The traditional elements of a breach of contract damages claim are well known to every law student: 1) the existence of a valid contract; 2) a breach of that contract; and 3) damages caused by that breach.1 There is no requirement that the breach be material for the other party to recover damages. As the Restatement (Second) Contracts explains: “[E]very breach gives rise to a claim for damages,”2 and “[a] determination that a failure is not material means only that it does not have the effect of” excusing the future performance of the other party to the contract.3

So, until the end of the last millennium, the materiality of a breach of contract was not a proper element of a damages claim in any jurisdiction within the United States.4 Now, however, four of Florida’s district courts of appeal have charted a new course — one requiring proof of a “material” breach, thereby setting Florida adrift from the other 49 states in the country.

The federal judiciary has noticed this novelty of Florida contract law: In a national breach of contract class action, Mazzei v. Money Store, 288 F.R.D. 45 (S.D.N.Y. 2012), the Southern District of New York was required to address Florida’s “unusual. . . ‘materiality’ requirement,”5 and in a 2010 decision, Hostway Services v. HWAY FTL, 2010 WL 3604671 (S.D. Fla. 2010), federal Judge Cohn carefully dissected the genesis of Florida’s “materiality requirement.” In reviewing the Florida intermediate appellate courts’ break from traditional contract law, he traced back what had actually happened, focusing on the Fifth District’s 2000 decision in Abbott Labs v.

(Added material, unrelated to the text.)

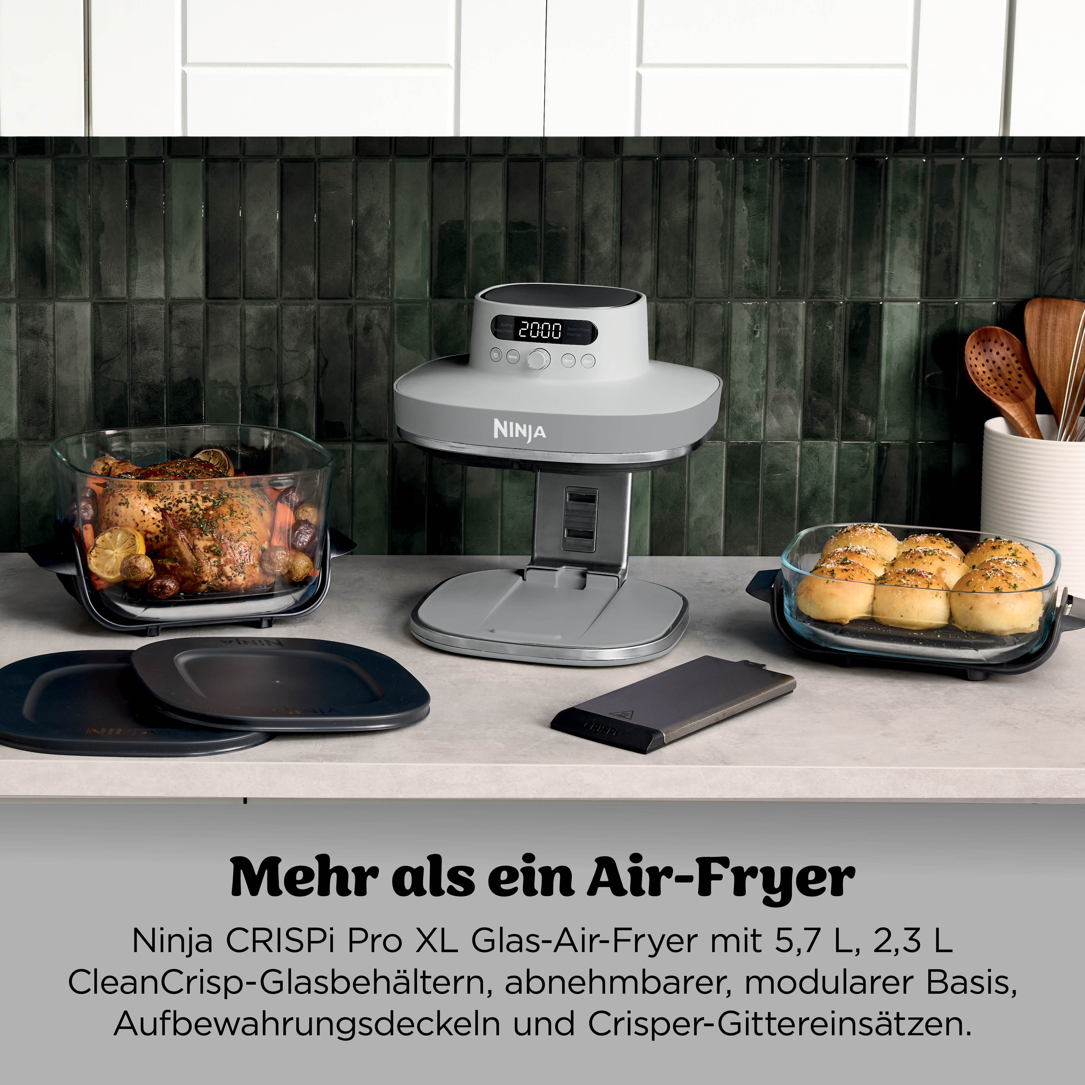 - Beinhaltet: CRISPi PRO XL 2050 W Air-Fryer, 5,7 L & 2,3 L CleanCrisp-Glasbehälter, entnehmbare modulare Basis, 2 Crisper-Gittereinsätze, 2 Deckel zur Aufbewahrung & Rezeptheft

GE Capital, 765 So. 2d 737, 740 (Fla. 5th DCA 2000):

Nonetheless, many Florida courts have included ‘material breach’ as one of the elements of a breach of contract claim. Notably, in Abbott Labs, the Florida district court injected the materiality requirement without explanation. Moreover, the cases cited by Abbott Labs do not list ‘material breach’ as an element of a breach of contract action. See [Abbott Labs] (citing Mettler, Inc. v. Ellen Tracy, Inc., 648 So. 2d 253, 255 (Fla. 2d DCA 1994); Abruzzo v. Haller, 603 So. 2d 1338 (Fla. 1st DCA 1992). Furthermore, many of the Florida courts that have listed ‘material breach’ as one of the elements in a breach of contract action can be traced back to Abbott Laboratories.6

* * *

Federal courts often cite Abruzzo when setting forth the materiality requirement for a breach of contract action under Florida law. Abruzzo, however, does not mention materiality as an element of a breach of contract action.7

Having examined the jurisprudential history of Florida’s materiality requirement, Judge Cohn concluded that it “appear[ed] to be the result of spontaneous generation.”8

He was right. Indeed, from the time of Hadley v. Baxendale, 9 Ex. 341, 156 Eng. Rep. 145 (1854) , until its third-millennium “spontaneous generation” in Abbott Laboratories, materiality had never been a required element of a breach of contract damages action in any state court.9 The Fifth District just “injected the materiality requirement without explanation” in Abbott Laboratories.10 After that decision, the Fourth District in J.J. Gumberg Co. v. Janis Services, 847 So. 2d 1048, 1049 (Fla. 4th DCA 2003) , and the Third District in Murciano v. Garcia, 958 So. 2d 423, 423 (Fla. 3d DCA 2007), added the same, novel element.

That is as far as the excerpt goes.